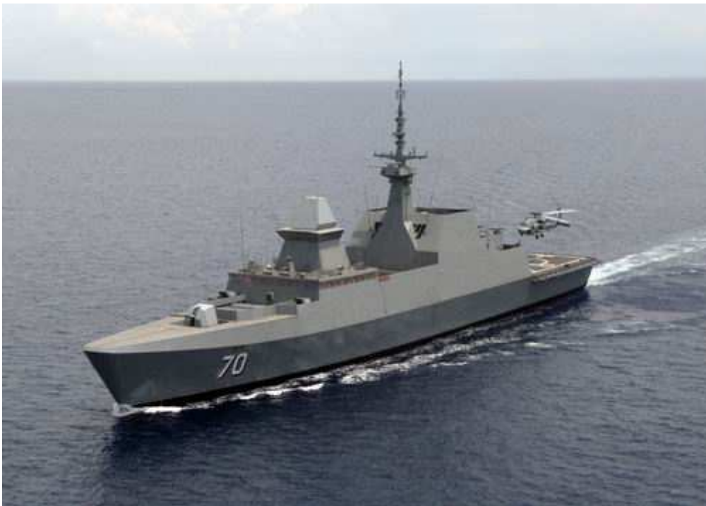
新加坡海军“无畏”级护卫舰第三艘“坚定”号 (Steadfast, 舷号 70) [资料图]
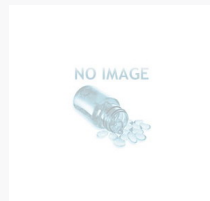
Stanoplex 50 $75.00
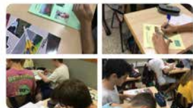
La Salle Catalunya 12:58 · 20 set. 19 · Twitter Web App

A #Religió de 4t ESO els alumnes treballen a partir de fotografies pròpies el sentit de la vida #reflexionem #imagine m #pensem #creem #lasallelaSeu #imagina
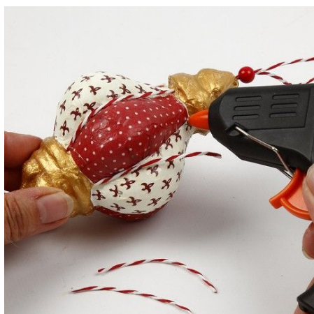
8. Lijm papiergaren op de vouwlijnen van de vlakken zoals afgebeeld. Gebruik ook papiergaren om een ophanglus te maken. Rijg een rode houten kraal aan de ophanglus.
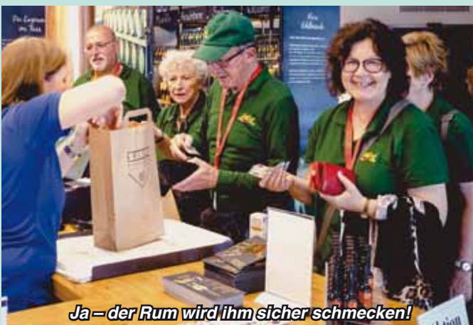
Ja – der Rum wird ihm sicher schmecken!
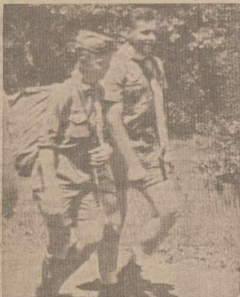
GAMTA PASIPUOŠE ŽALUMYNAIS IR ZIEDAIS Ir prasidėjo pavasario iškylių dienos.
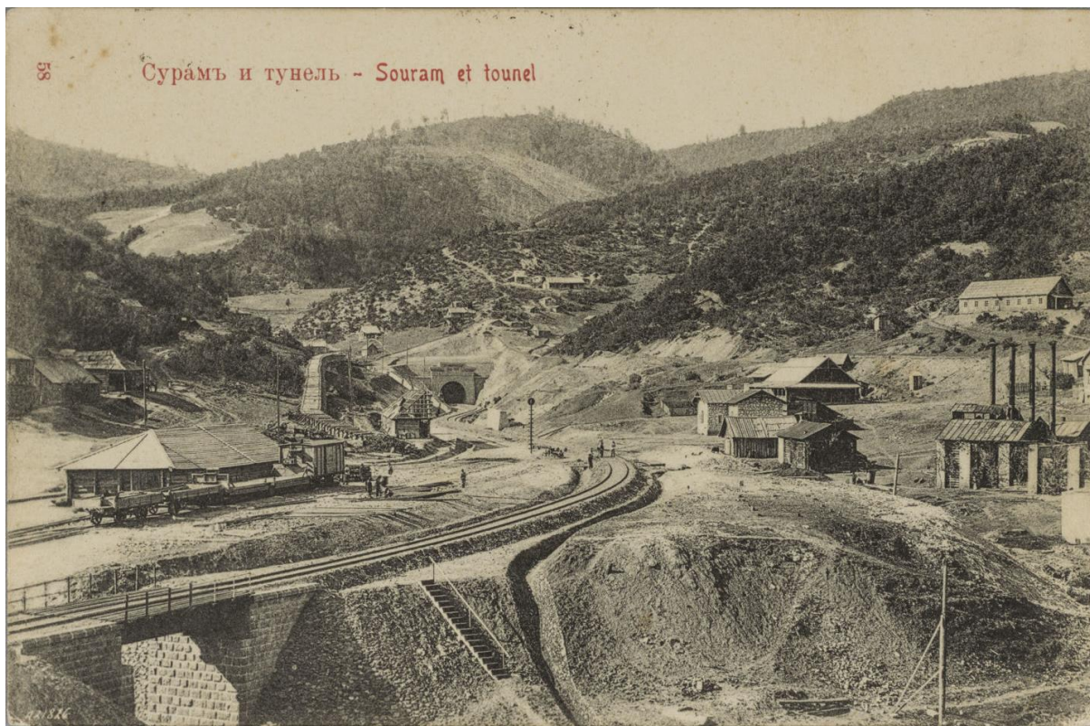
Рис. 2. Сурамский тоннель ЗКЖД. Открытка, после 1900 г.
++++++++++
* _Exercise_
All of the listing is to be written out exactly, with the pictures left out.

* _Completed exercise_
新加坡海军“无畏”级护卫舰第三艘“坚定”号 (Steadfast, 舷号 70) [资料图]
Stanoplex 50 $75.00
La Salle Catalunya 12:58 · 20 set. 19 · Twitter Web App

A #Religió de 4t ESO els alumnes treballen a partir de fotografies pròpies el sentit de la vida #reflexionem #imagine m #pensem #creem #lasallelaSeu #imagina
8. Lijm papiergaren op de vouwlijnen van de vlakken zoals afgebeeld. Gebruik ook papiergaren om een ophanglus te maken. Rijg een rode houten kraal aan de ophanglus.
Ja – der Rum wird ihm sicher schmecken!
GAMTA PASIPUOŠE ŽALUMYNAIS IR ZIEDAIS Ir prasidėjo pavasario iškylių dienos.
Рис. 2. Сурамский тоннель ЗКЖД. Открытка, после 1900 г.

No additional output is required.